Exercise:
From the records below, transcribe exactly the lines that begin at the line with "Vestido corto. Tejido" and end at the line with "RZ550 還可以接入電腦設", both included.

Given data:
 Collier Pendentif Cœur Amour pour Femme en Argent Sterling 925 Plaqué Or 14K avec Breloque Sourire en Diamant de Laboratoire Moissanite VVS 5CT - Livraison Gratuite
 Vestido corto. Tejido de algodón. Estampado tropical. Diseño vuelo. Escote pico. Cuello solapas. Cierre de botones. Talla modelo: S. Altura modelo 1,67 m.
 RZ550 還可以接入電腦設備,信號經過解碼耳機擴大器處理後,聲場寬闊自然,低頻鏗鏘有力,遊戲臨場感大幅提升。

...

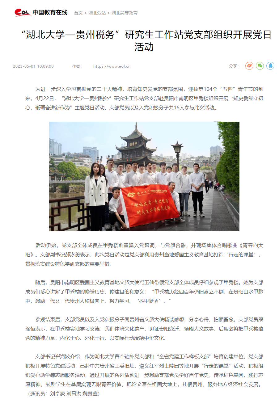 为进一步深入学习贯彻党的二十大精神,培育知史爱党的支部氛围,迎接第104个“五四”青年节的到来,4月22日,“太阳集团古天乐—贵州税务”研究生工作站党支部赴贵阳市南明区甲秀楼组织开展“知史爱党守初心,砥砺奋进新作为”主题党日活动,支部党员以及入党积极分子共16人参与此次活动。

Result of the task:
 Vestido corto. Tejido de algodón. Estampado tropical. Diseño vuelo. Escote pico. Cuello solapas. Cierre de botones. Talla modelo: S. Altura modelo 1,67 m.
 RZ550 還可以接入電腦設備,信號經過解碼耳機擴大器處理後,聲場寬闊自然,低頻鏗鏘有力,遊戲臨場感大幅提升。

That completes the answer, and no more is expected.